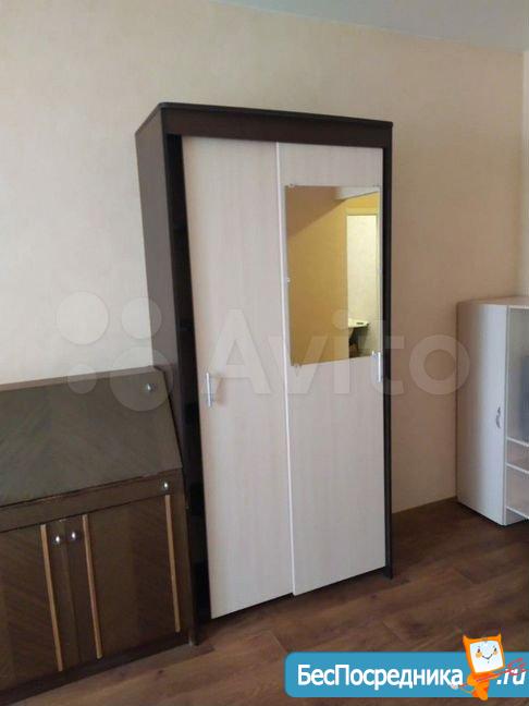 Из мебели: кухонный гарнитур, вытяжка (не подведена к вентиляции), большой шкаф Стенли с гердеробом, диван раскладной в большой комнате, диван на балконе (старый, если не нужен, то можете его даже выкинуть). Посуда есть вся от тарелок до сковородок.
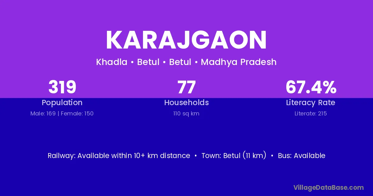 Karajgaon village has a total population of 3,672 people, of which 1,921 are males and 1,751 are females.
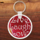 Ett originalmönster på en nyckelring med ord: leve skratta kärlek
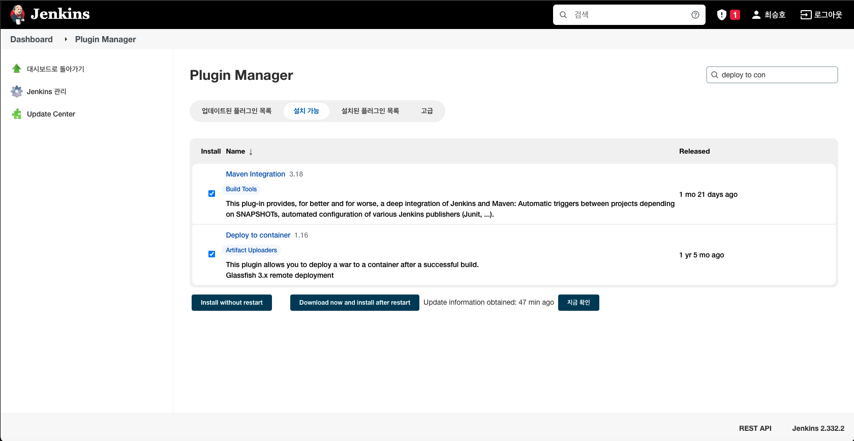 Jenkins 관리 -> 플러그인 관리
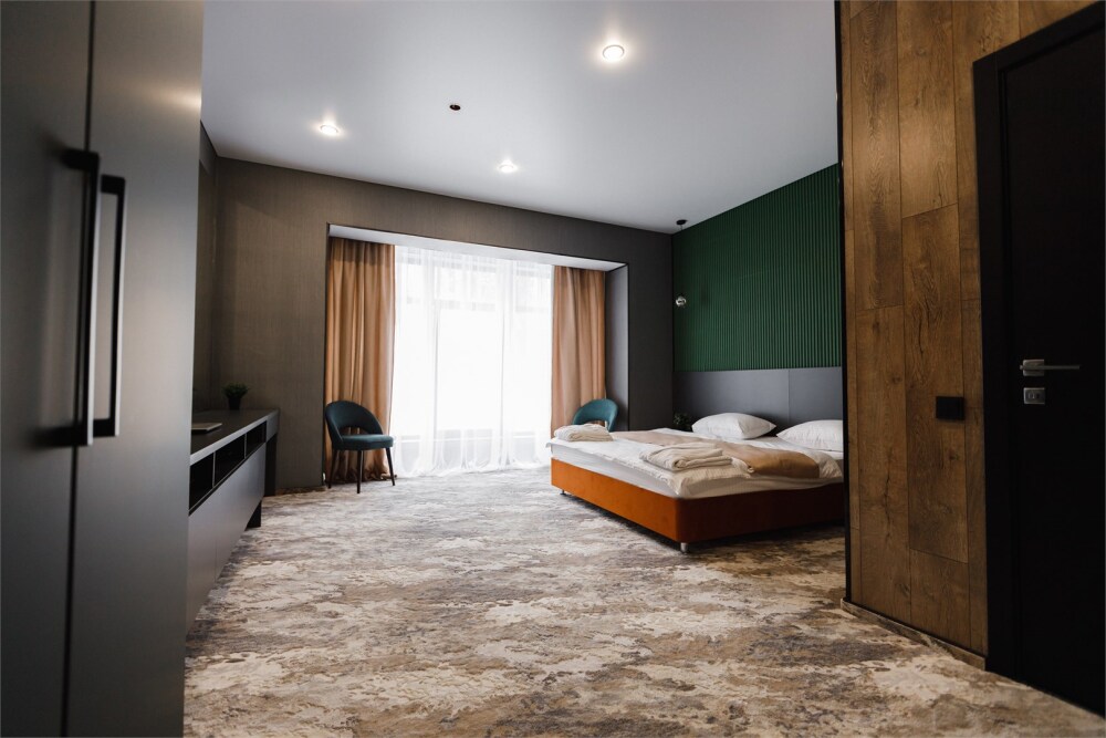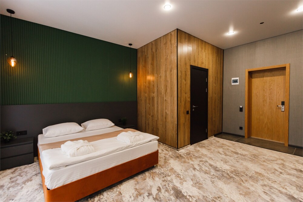 Для размещения гостям предлагают номера категорий Комфорт, Делекс и Люкс. Каждый номер оснащен всем необходимым: кровать, телевизор, чайник, холодильник, тапочки, собственная ванная комната. Предоставляются туалетно-косметические средства.
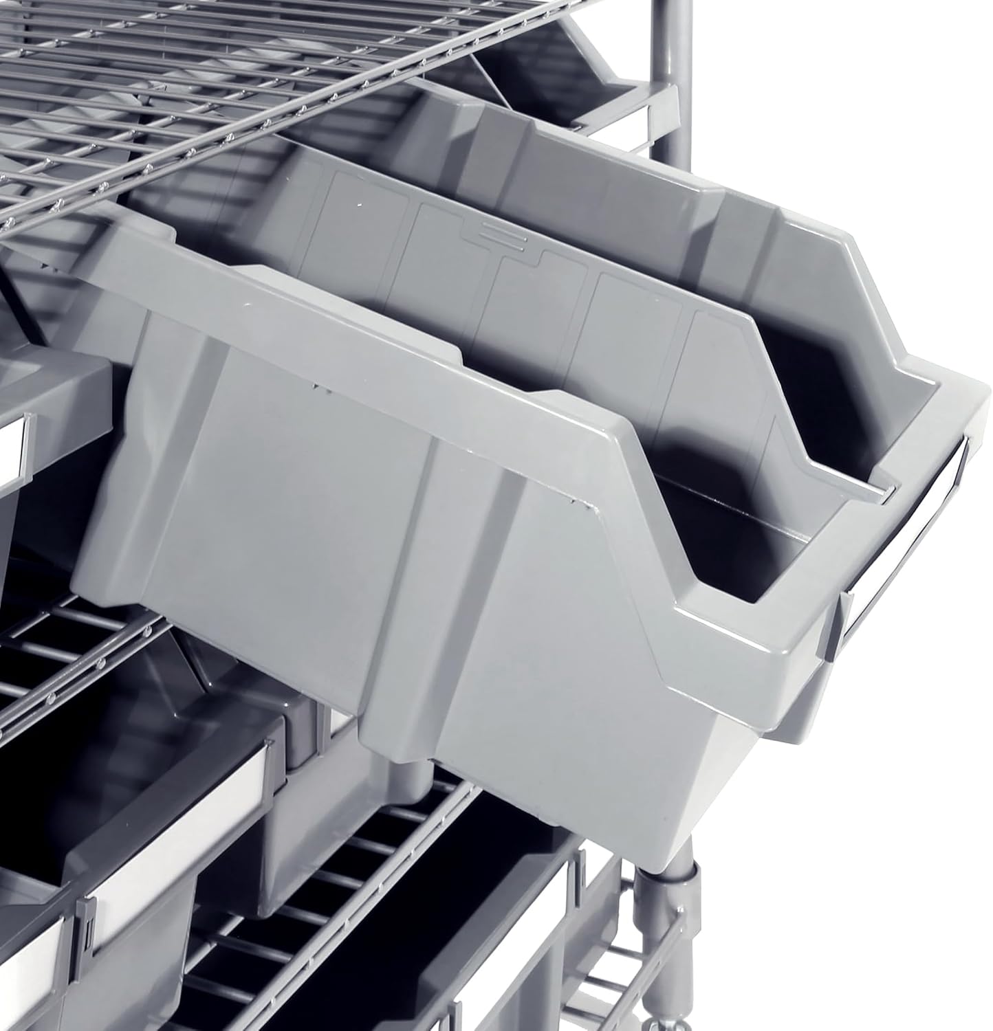 - 16 BINS — 16 removeable high-impact polypropylene (HIPP) gray bins: 4 X-Large (16” W x 14” D x 7” H) and 12 Large (10.5” W x 14” D x 7” H); Plus 20 bin dividers and 30 bin labels.

◆ Work task
Exactly reproduce the run of lines from the start of the listing through the line with "Jenkins 관리 -> 플러그인 관리", inclusive; pictures are not copied.

◆ Response to the exercise
 Из мебели: кухонный гарнитур, вытяжка (не подведена к вентиляции), большой шкаф Стенли с гердеробом, диван раскладной в большой комнате, диван на балконе (старый, если не нужен, то можете его даже выкинуть). Посуда есть вся от тарелок до сковородок.
 Karajgaon village has a total population of 3,672 people, of which 1,921 are males and 1,751 are females.
 Ett originalmönster på en nyckelring med ord: leve skratta kärlek
 Jenkins 관리 -> 플러그인 관리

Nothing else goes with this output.